#### TASK PROMPT:
The task for the listing below is to write out exactly the lines starting at the one containing "Chempioil CH-14 Truck" and ending at the one containing "The amount of", both included. Pictures are to be omitted.

-------- PROVIDED DATA --------

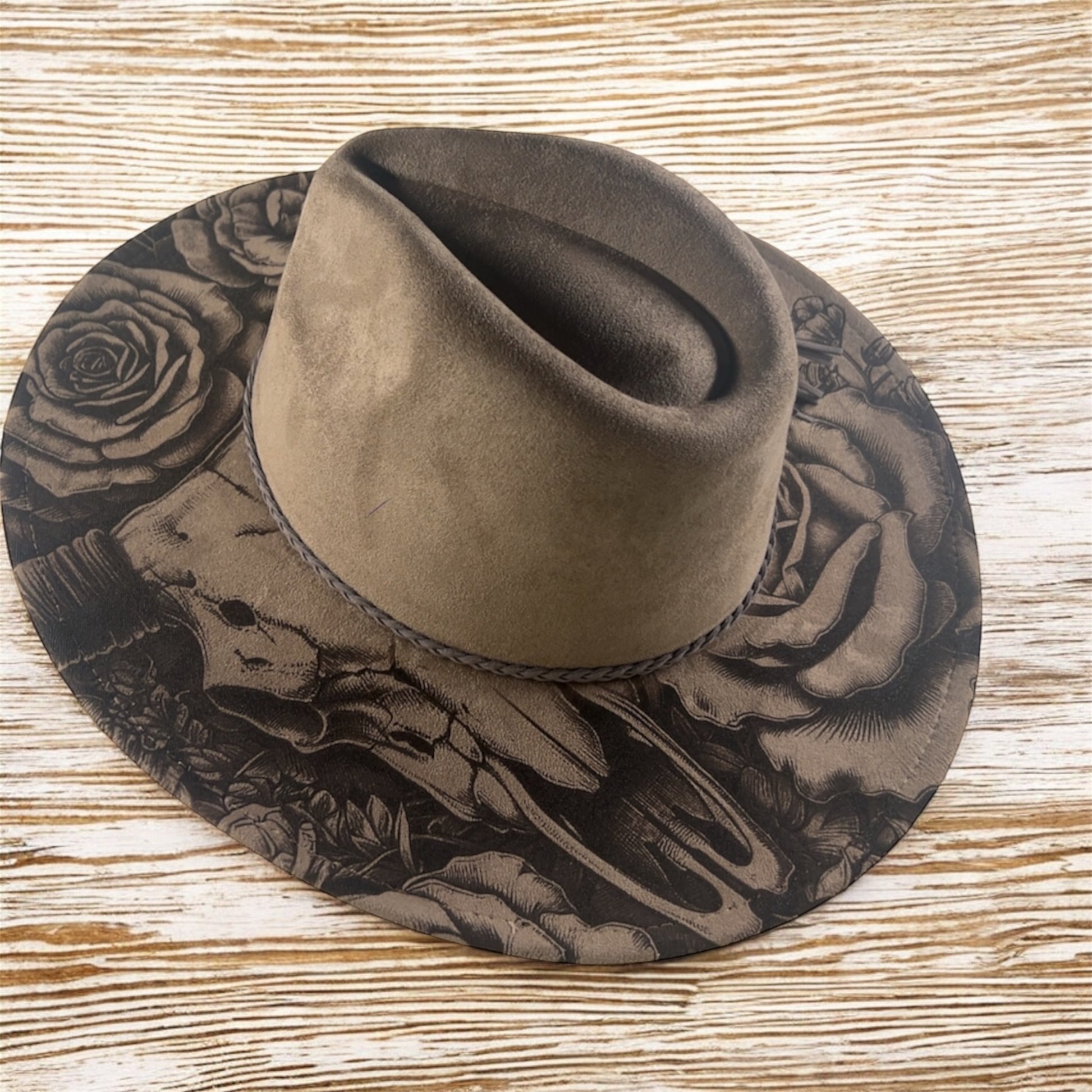 The engraved design adds a unique, one-of-a-kind touch — no two hats are exactly the same as they are engraved made to order.
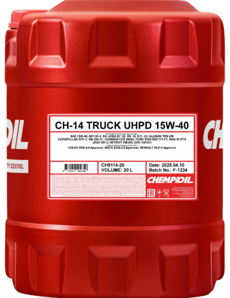 Chempioil CH-14 Truck UHPD 15W-40 — всесезонное синтетическое моторное масло для высоконагруженных дизельных двигателей грузовых автомобилей, автобусов и спецтехники. Подходит для двигателей с турбонаддувом и без него, работающих в тяжелых условиях эксплуатации и соответствующих современным экологическим требованиям. Обеспечивает надежную защиту от износа, стабильную работу двигателя и поддерживает его чистоту при высоких нагрузках.
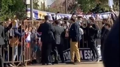 El objeto no llegó directamente al jefe de Estado, sino que a uno de sus acompañantes. En primera instancia, se pensó que el proyectil había impactado en uno de sus escoltas, sin embargo, la piedra le llegó al pecho a su jefe de Gabinete.
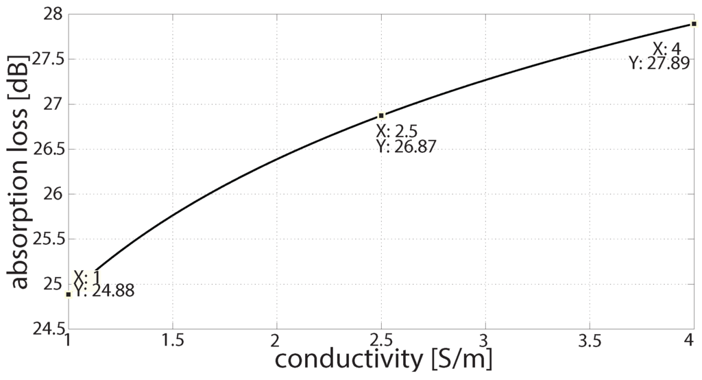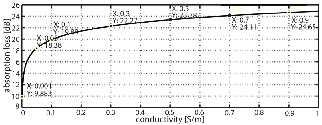 The amount of absorption loss is calculated using Equation (6) [7]:
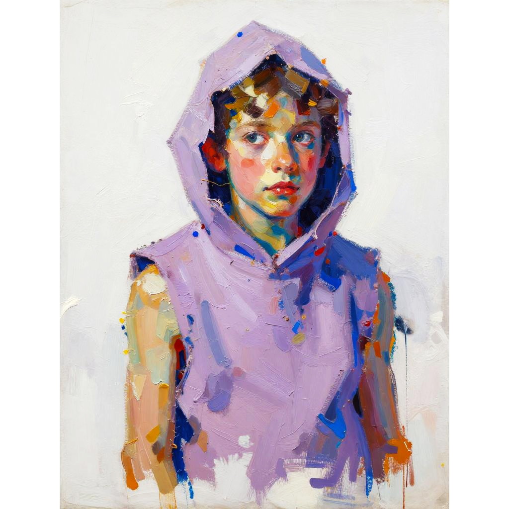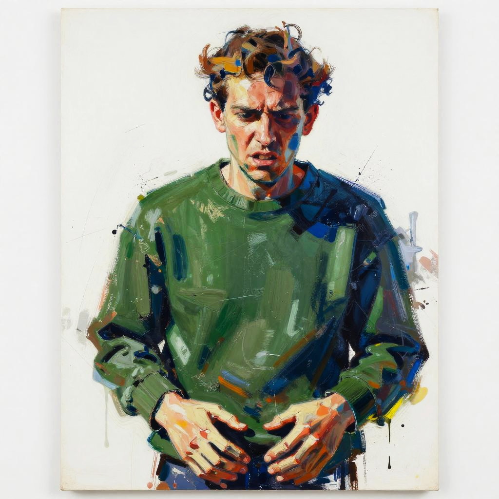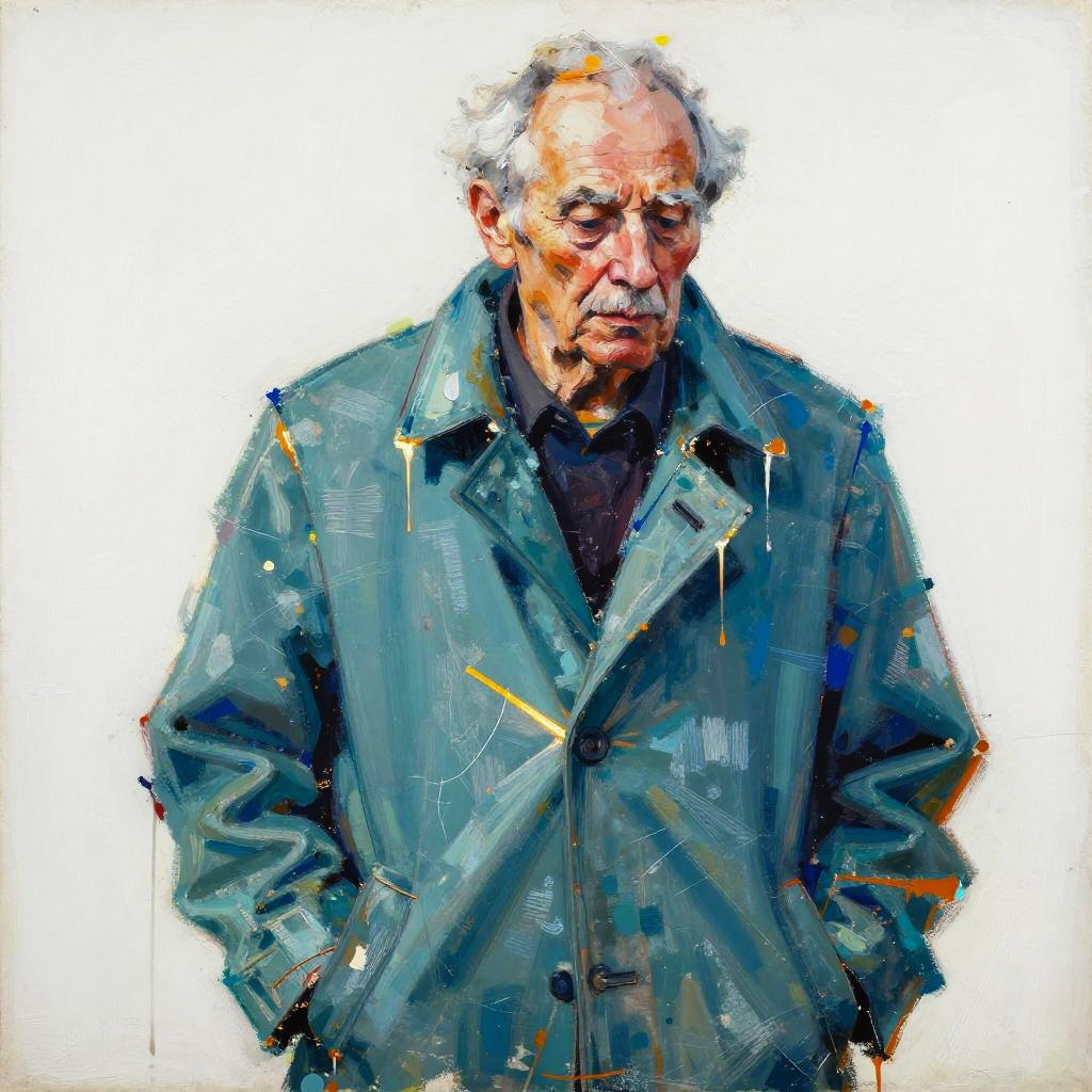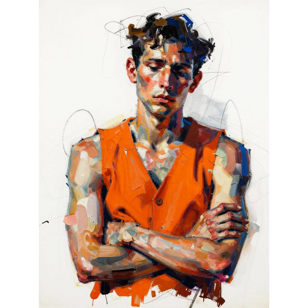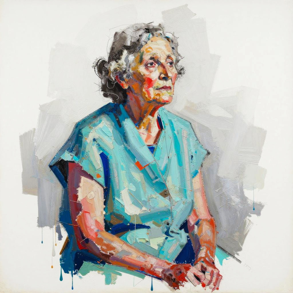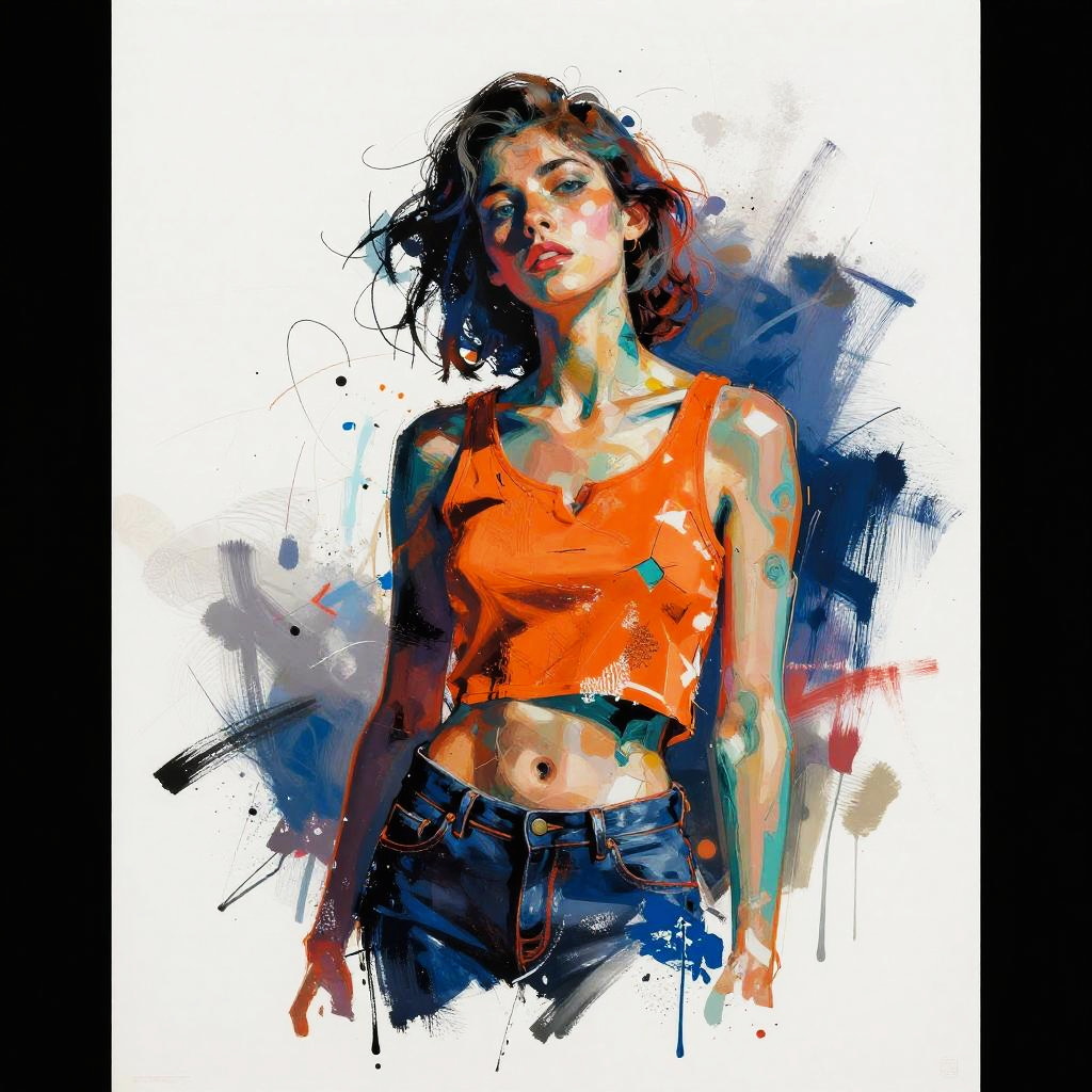 Expressionist semi-abstract portrait of dispersed ballerina figure adorned in smoky teal leotard with broken marigold limbs, rendered in lyrical neo-fauvist collage fusing fluid oil strokes and fractured impasto texture, high-contrast bold colors, loose gestural strokes and textured paint ridges, minimal white negative space with asymmetrical crop, cobalt-shadow accents and suggestive contours, emotive elegant tension mingled with wistful tranquility, contemporary art poster vibe, painterly chaos with subtle drips, unresolved edges, luminous highlights.

--------

#### RESULT FOR THIS EXERCISE:
 Chempioil CH-14 Truck UHPD 15W-40 — всесезонное синтетическое моторное масло для высоконагруженных дизельных двигателей грузовых автомобилей, автобусов и спецтехники. Подходит для двигателей с турбонаддувом и без него, работающих в тяжелых условиях эксплуатации и соответствующих современным экологическим требованиям. Обеспечивает надежную защиту от износа, стабильную работу двигателя и поддерживает его чистоту при высоких нагрузках.
 El objeto no llegó directamente al jefe de Estado, sino que a uno de sus acompañantes. En primera instancia, se pensó que el proyectil había impactado en uno de sus escoltas, sin embargo, la piedra le llegó al pecho a su jefe de Gabinete.
 The amount of absorption loss is calculated using Equation (6) [7]:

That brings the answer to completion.